*WHAT YOU SHOULD DO:* Output exactly, and only, the lines below from the one with "2025年度十大網(wǎng" down to the one with "Pistachio Pavlovas with". Include both end lines and no pictures.

*DATA SHOWN:*

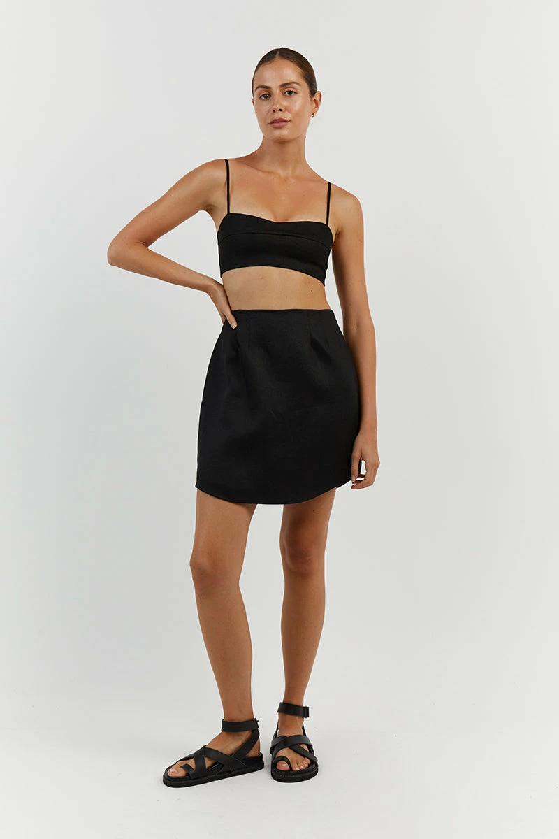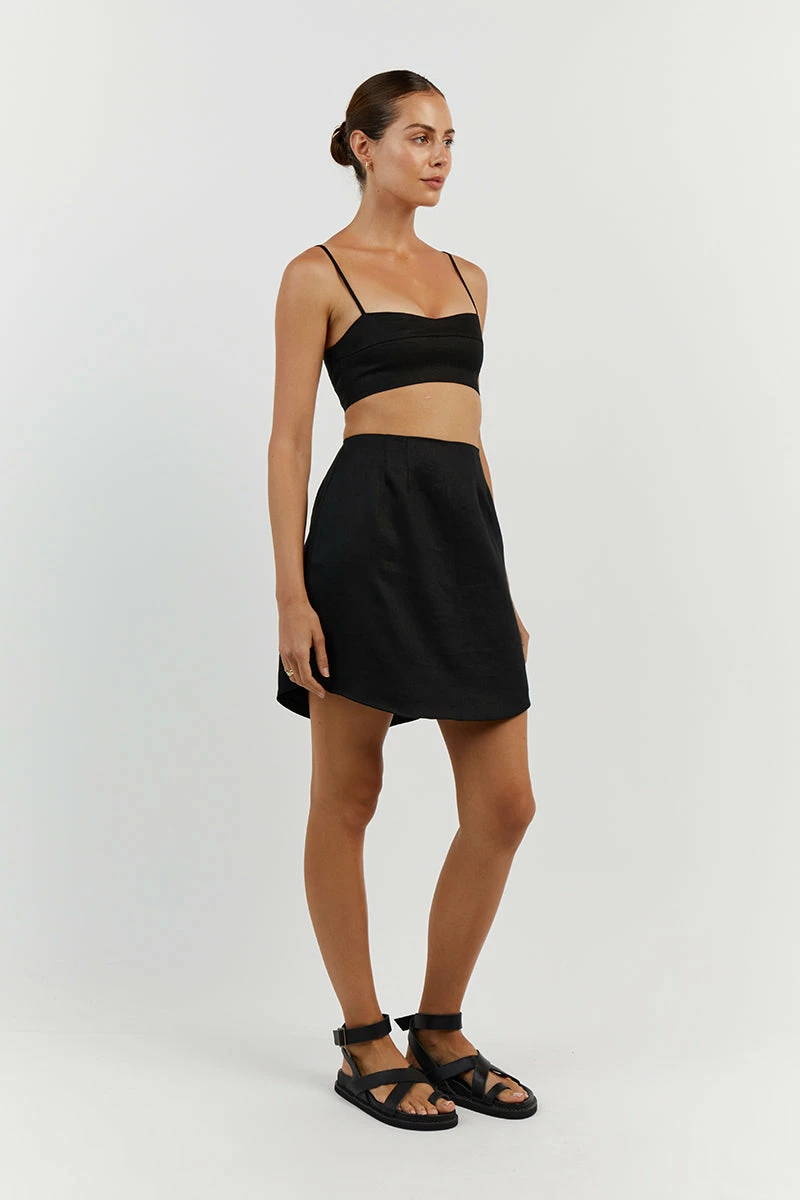 DISSH VIENNA BLACK LINEN MINI SKIRT
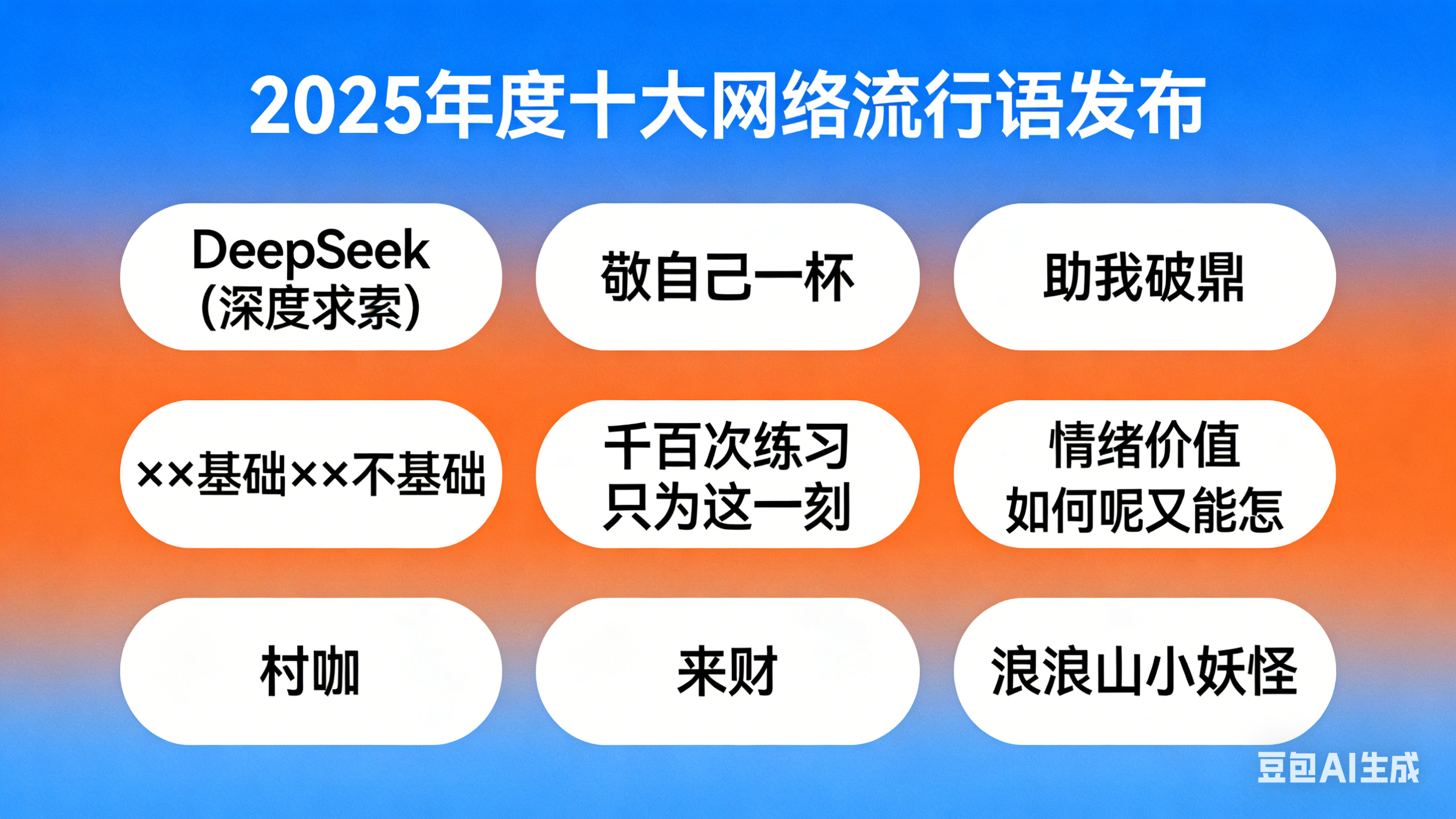 2025年度十大網(wǎng)絡(luò)流行語發(fā)布 “DeepSeek(深度求索)”“敬自己一杯”等入選
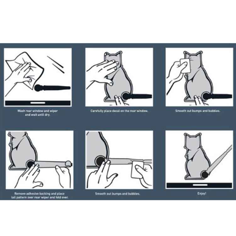 3. Cat is approx. 25 x 14cm, tail size: 26 x 3cm- Note: Check the laws in your jurisdiction before applying the Moving Tail Kitty Car Decal to your rear window.
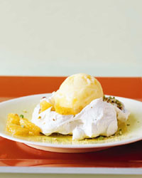 Pistachio Pavlovas with Oranges and Blood Orange Sorbet
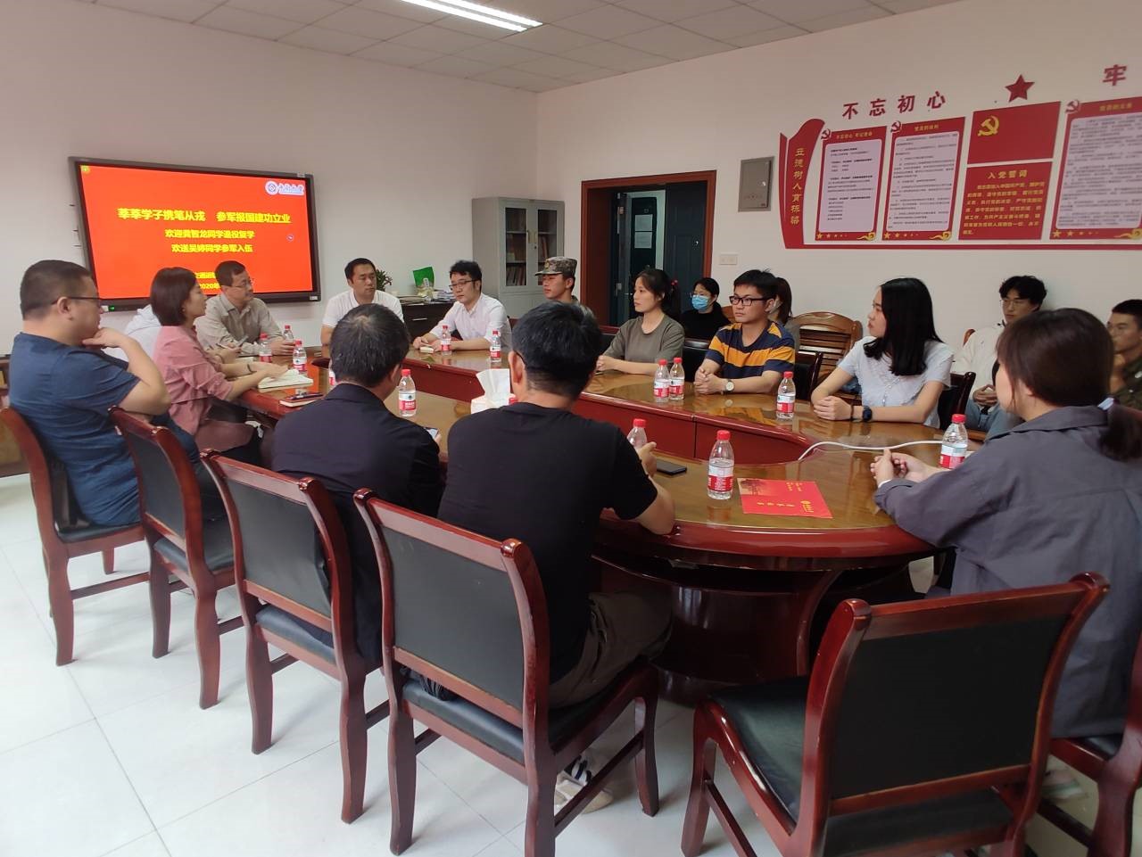 座谈会伊始,两位同学分享了自己的心得体会。龚智龙同学真诚地分享了自己在安徽某野战部队陆军炮兵连的两年军营生涯,他表示军营生活是一种截然不同的体验,一切行动听指挥,时时处于高压之下,面对高强度的体能训练,他都坚持下来,军绿生涯很好的磨练了一个人的意志力,也增强了他的体魄。同时通过对国家国防、部队建设的深入了解,他也对我国的国防建设充满信心。吴婷同学分享了自己参军入伍的初衷,响应国家强军建设的号召,在成长环境的熏陶下,在家人朋友的鼓励下,她一直没有放弃从军报国的梦想,希望在部队锻炼自己的意志品质。

*EXPECTED ANSWER:*
 2025年度十大網(wǎng)絡(luò)流行語發(fā)布 “DeepSeek(深度求索)”“敬自己一杯”等入選
 3. Cat is approx. 25 x 14cm, tail size: 26 x 3cm- Note: Check the laws in your jurisdiction before applying the Moving Tail Kitty Car Decal to your rear window.
 Pistachio Pavlovas with Oranges and Blood Orange Sorbet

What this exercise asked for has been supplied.